■ EXERCISE DESCRIPTION: A faithful copy is required: transcribe each line below exactly, minus the pictures.

■ DATA FOR THE TASK:

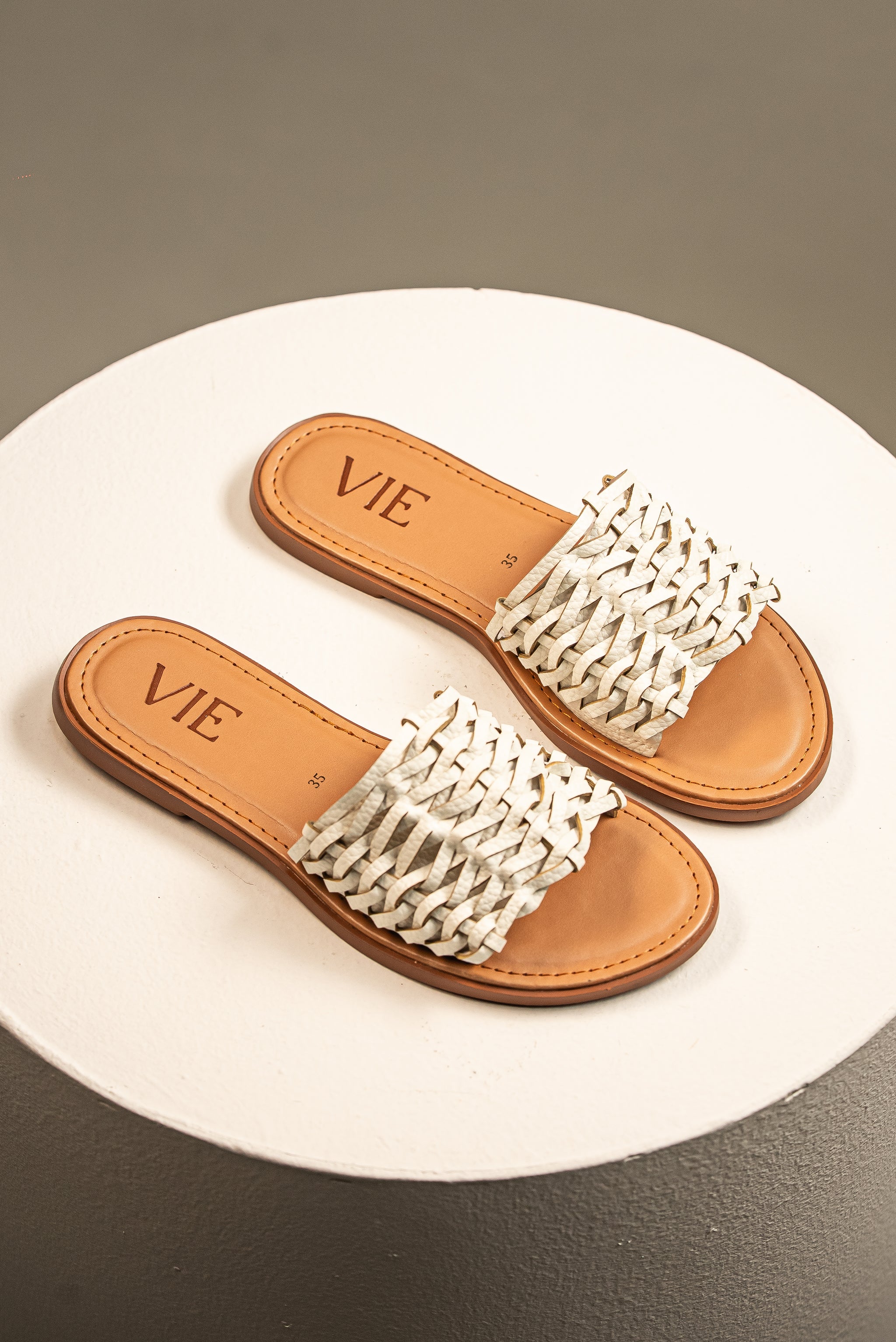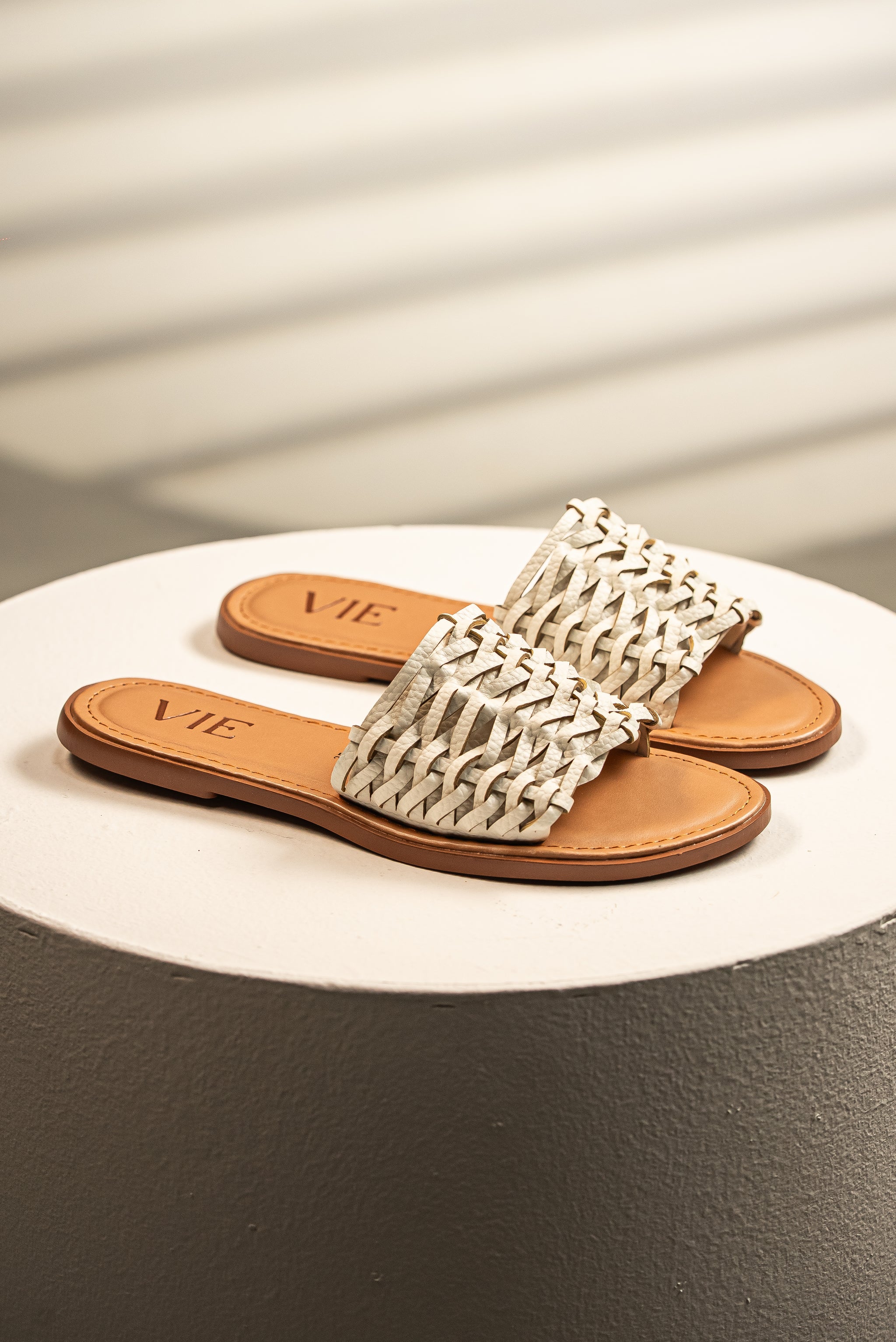 Este slide plano destaca por su ancha banda tejida en color blanco hueso, creando una textura sofisticada. Su cómoda suela en tono caramelo natural complementa el diseño veraniego. Es la opción perfecta para un look casual, elevando desde un vestido de lino hasta tus jeans favoritos.
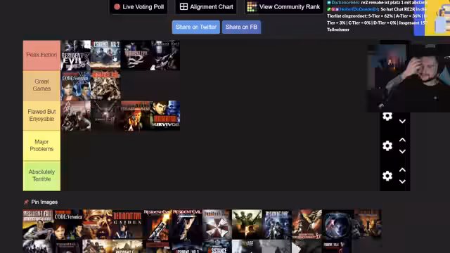 07:10:37Der Streamer ordnet Resident Evil 2 Remake in eine Tierliste ein, vergleicht es mit anderen Teilen wie Resident Evil 1 Remake, Code Veronica und dem Original Resident Evil 4. Das Remake wird als 'Peak Fiction' eingestuft, trotz Kritik an der Umsetzung der A- und B-Szenarien, die als zu ähnlich und nicht optimal umgesetzt bewertet werden. Stärken sind die Grafik, das Gameplay und die Atmosphäre, während die Soundtracks teils als weniger bedrohlich als im Original beschrieben werden.
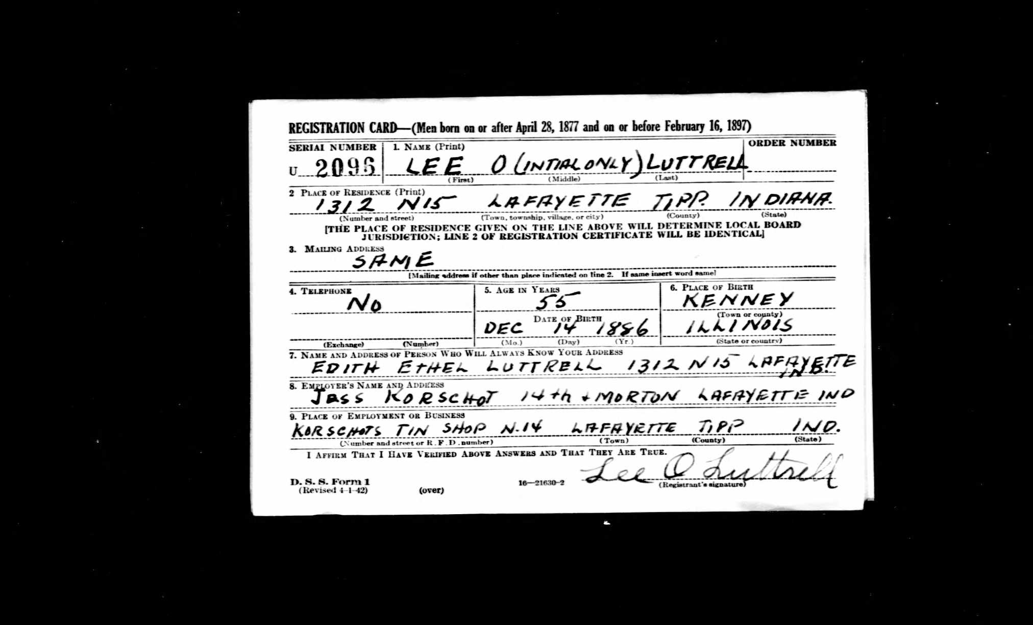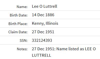 Residences1889 - Lovington, Moultrie, Illinois | 1900 - Johnathan Creek, Moultrie, Illinois 1910 - Stanley, South Dakota 1920 - Paris, Edgar, Illinois 1930 - Paris, Edgar, Illinois 1940 - Decatur, Macon, Illinois 1979 - Decatur, Macon, Illinois |
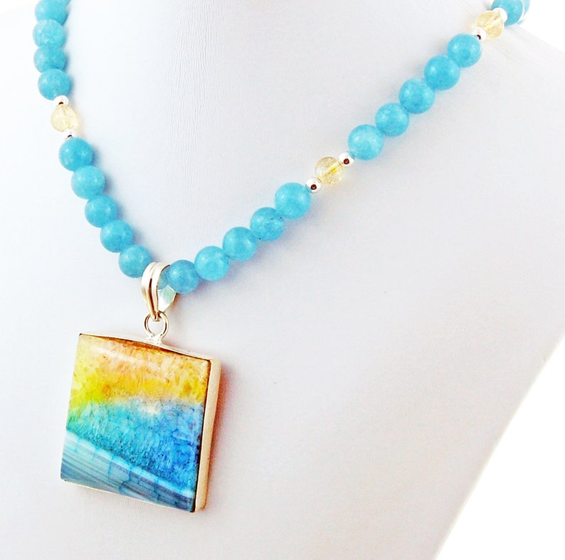 RivendellRocksSedona –Painted Agate Blue Quartz Citrine Necklace
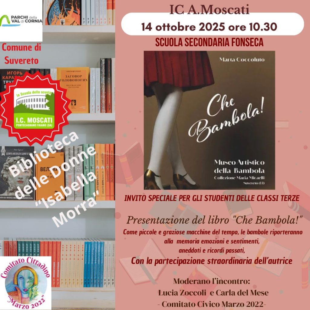 Martedì 14 ottobre alle ore 10:00 presso la Scuola Secondaria di Primo Grado Fonseca dell’Istituto Comprensivo “A. Moscati” gli studenti delle classi terze incontreranno l’autrice Marta Coccoluto che presenterà il suo libro “Che Bambola! Museo artistico della bambola Collezione Maria Micaelli Suvereto”.
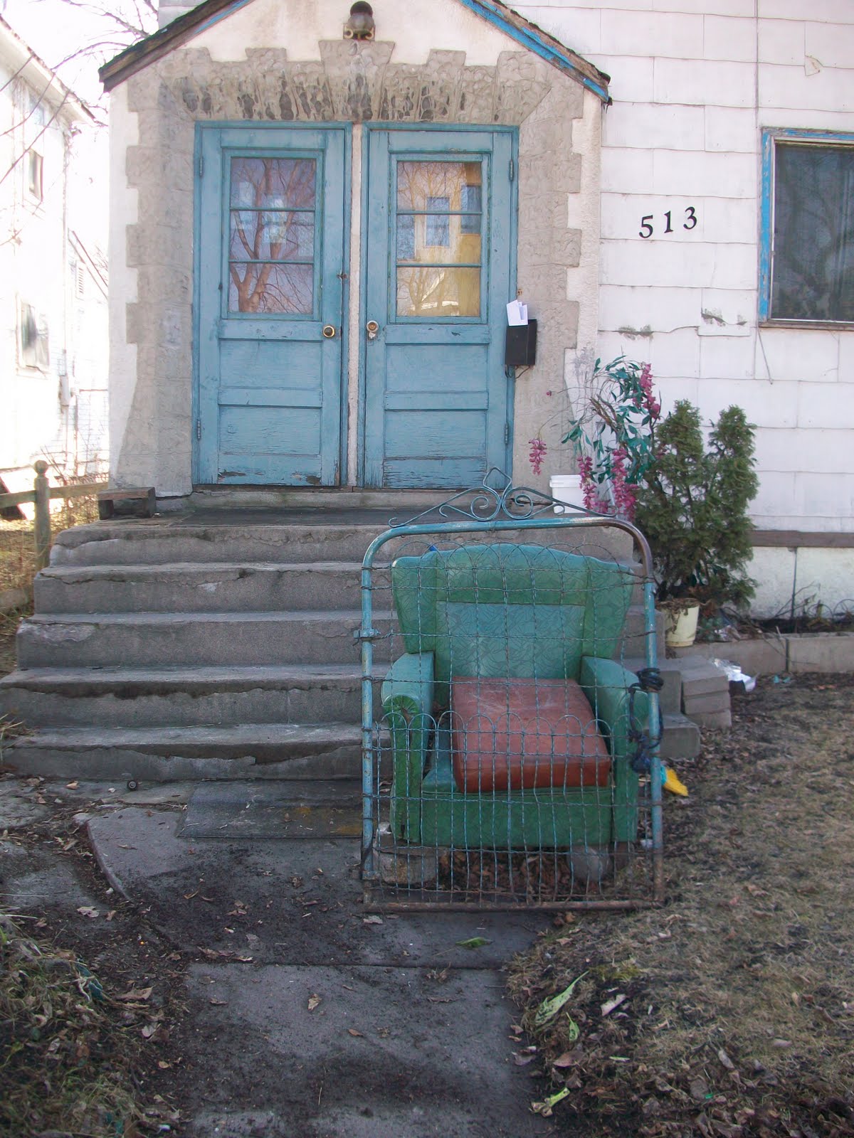 Back on our own street, this is the house and chair of our old neighbor. She sits here to read her mail. Unfortunately her gate broke off the hinge and she props it up on the chair when she isn't using itFriday, March 11, 2011
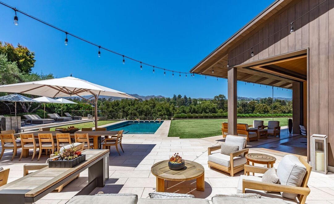 A stunning ultra-luxury poolside retreat seamlessly blending indoor and outdoor living with organic modern design. The space features a resort-quality saltwater pool, expansive stone patio, sophisticated covered pergola with string lighting, custom wood-paneled ceiling, and curated outdoor furniture arranged in intimate conversation zones, all overlooking manicured lawns and distant mountain vistas.
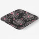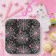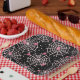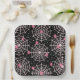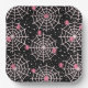 Paper plates with a cute seamless pattern with white cobwebs and pink spiders.
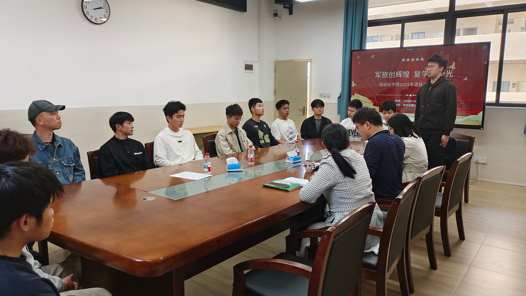 为帮助退伍同学解决复学后在校遇到的困难和疑惑,助力退伍复学同学更快找到角色定位,树立远大理想,2025年12月16日,自动化学院举办“军旅创辉煌,复学续荣光”主题座谈会。学院党委书记史孔仕、党委副书记黄毅、辅导员商余珍与14名退伍复学同学参加了此次座谈会。
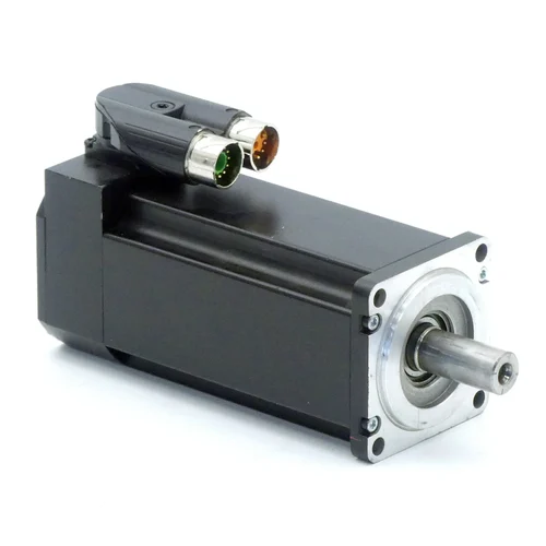 DESCRIPCIÓN: Motor síncrono, número de pares de polos: 4 pares, velocidad nominal: 3000 rpm, par de arranque: 1350 Nm, motor con freno de retención, eje liso con conector angular (giratorio), diámetro de centrado: 50 mm, ajuste H7 con refrigeración propia, tipo de construcción A, protección IP54, sin junta de aceite, 80 V CC, par de retención del freno: 2,20 Nm, B1 2.2 ind., 16 vueltas multivuelta

■ TASK ANSWER:
 Este slide plano destaca por su ancha banda tejida en color blanco hueso, creando una textura sofisticada. Su cómoda suela en tono caramelo natural complementa el diseño veraniego. Es la opción perfecta para un look casual, elevando desde un vestido de lino hasta tus jeans favoritos.
 07:10:37Der Streamer ordnet Resident Evil 2 Remake in eine Tierliste ein, vergleicht es mit anderen Teilen wie Resident Evil 1 Remake, Code Veronica und dem Original Resident Evil 4. Das Remake wird als 'Peak Fiction' eingestuft, trotz Kritik an der Umsetzung der A- und B-Szenarien, die als zu ähnlich und nicht optimal umgesetzt bewertet werden. Stärken sind die Grafik, das Gameplay und die Atmosphäre, während die Soundtracks teils als weniger bedrohlich als im Original beschrieben werden.
 Residences1889 - Lovington, Moultrie, Illinois | 1900 - Johnathan Creek, Moultrie, Illinois 1910 - Stanley, South Dakota 1920 - Paris, Edgar, Illinois 1930 - Paris, Edgar, Illinois 1940 - Decatur, Macon, Illinois 1979 - Decatur, Macon, Illinois |
 RivendellRocksSedona –Painted Agate Blue Quartz Citrine Necklace
 Martedì 14 ottobre alle ore 10:00 presso la Scuola Secondaria di Primo Grado Fonseca dell’Istituto Comprensivo “A. Moscati” gli studenti delle classi terze incontreranno l’autrice Marta Coccoluto che presenterà il suo libro “Che Bambola! Museo artistico della bambola Collezione Maria Micaelli Suvereto”.
 Back on our own street, this is the house and chair of our old neighbor. She sits here to read her mail. Unfortunately her gate broke off the hinge and she props it up on the chair when she isn't using itFriday, March 11, 2011
 A stunning ultra-luxury poolside retreat seamlessly blending indoor and outdoor living with organic modern design. The space features a resort-quality saltwater pool, expansive stone patio, sophisticated covered pergola with string lighting, custom wood-paneled ceiling, and curated outdoor furniture arranged in intimate conversation zones, all overlooking manicured lawns and distant mountain vistas.
 Paper plates with a cute seamless pattern with white cobwebs and pink spiders.
 为帮助退伍同学解决复学后在校遇到的困难和疑惑,助力退伍复学同学更快找到角色定位,树立远大理想,2025年12月16日,自动化学院举办“军旅创辉煌,复学续荣光”主题座谈会。学院党委书记史孔仕、党委副书记黄毅、辅导员商余珍与14名退伍复学同学参加了此次座谈会。
 DESCRIPCIÓN: Motor síncrono, número de pares de polos: 4 pares, velocidad nominal: 3000 rpm, par de arranque: 1350 Nm, motor con freno de retención, eje liso con conector angular (giratorio), diámetro de centrado: 50 mm, ajuste H7 con refrigeración propia, tipo de construcción A, protección IP54, sin junta de aceite, 80 V CC, par de retención del freno: 2,20 Nm, B1 2.2 ind., 16 vueltas multivuelta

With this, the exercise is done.